Das Abendessen findet in einem großen Gemeinschaftsraum statt. Als ich den Raum betrete, drängeln sich überall Schüler herum und die Betreuer versuchen vergeblich, etwas Ruhe zu schaffen. Ich halte nach Amber und Luisa Ausschau, kann sie aber in dem Gewusel nirgends entdecken. Ich bahne mir einen Weg durch die ganzen Schüler zur anderen Seite des Raumes. Dort wurde auf einem langen Tisch ein Buffet angerichtet. Ich nehme mir einen Teller und stelle mich in der langen Schlange an. In großen Metalltöpfen und Schüsseln sind verschiedene französische Speisen angerichtet, die alle mit einem Zettel beschriftet sind. In der ersten Schüssel ist ein Brotaufstrich „Tapenade“ und daneben steht ein Gericht mit der Aufschrift „Salade Nioise“. Außerdem gibt es eine Unmenge an verschiedenen Soßen. Ich mache mir von allem ein bisschen drauf.
Von der hinteren Ecke des Raumes aus winken mir meine Klassenkameraden zu. Mit meinem gut gefüllten Teller setze ich mich auf einen Platz zwischen Luisa und Joschua. Ich dachte ja schon, ich habe mir viel zu Essen auf meinen Teller gemacht, aber Luisa hat mindestens doppelt so viel.
„Na du hast dir aber was vorgenommen.“ sage ich schmunzelnd.
„Ja, wenigstens gibt es hier nicht so ekliges Essen wie in unserer Schulkantine und außerdem gibt es hier keine nervigen kleinen Brüder, die einem ständig das Essen klau-... Hey!“ Joschua hat soeben versucht, eine von Luisas Pommes zu stibitzen. „So viel dazu.“
Luisa hat Recht, das Essen schmeckt wirklich ausgezeichnet.
„Ich gehe mal davon aus, dass ihr bereits alle Einkaufsläden der Gegend ausfindig gemacht habt?“ frage ich Amber und Luisa.

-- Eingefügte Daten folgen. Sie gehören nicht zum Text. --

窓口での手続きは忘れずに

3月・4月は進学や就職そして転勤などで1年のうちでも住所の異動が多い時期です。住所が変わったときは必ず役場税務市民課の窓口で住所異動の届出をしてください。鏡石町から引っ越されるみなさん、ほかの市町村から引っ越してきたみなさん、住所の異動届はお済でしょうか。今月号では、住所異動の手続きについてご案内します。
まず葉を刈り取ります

„Ja, wir waren in fast allen Klamottenläden, die wir finden konnten. Es sind tatsächlich ein paar schöne Läden dabei gewesen. Morgen nach der Wanderung wollen wir noch in die restlichen Läden. Wir wollten dich fragen, ob du mitkommen möchtest.“ sagt Luisa und schaut mich mit einem Hundeblick an, bei dem man unmöglich ablehnen kann.
„Du weißt, dass ich nicht gerne shoppen gehe und versuchst es trotzdem immer wieder.“ antworte ich lachend.

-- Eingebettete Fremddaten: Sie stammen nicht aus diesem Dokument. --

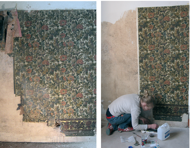
Puurmani mõisa söögisaali tapeet enne restaureerimist.

Tapeetide säilitamise keerukamate etappide läbimiseks tasub küsida spetsialisti nõu.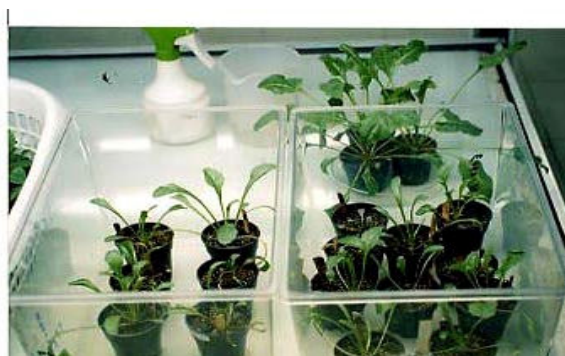
Fig. 4 Autotrophic micro plants transferred into pots

شکل ۵ استقرار کلون های چغندر قند در شرایط گلخانه

„Man kann es ja wenigstens versuchen.“ sagt sie mit einem Schulterzucken.
„Ich werde es mir überlegen.“
„Und was hast du so vorhin gemacht?“ erkundigt sich Amber.
„Ich war am Strand und habe mir den Sonnenuntergang angeschaut. Es war wirklich traumhaft schön.“ Meine Gedanken schweifen wieder zu dem fremden Mann. Soll ich den beiden davon erzählen?
Ich beuge mich ein bisschen vor, so dass nur Amber und Luisa mich verstehen können.
„Und mir ist etwas sehr Merkwürdiges passiert. Ein fremder Mann hat mir das hier gegeben.“ Ich zeige ihnen das Amulett.
„Wow, das sieht aber schön aus! Wo hast du das her?“ fragt Luisa mit aufgerissenen Augen.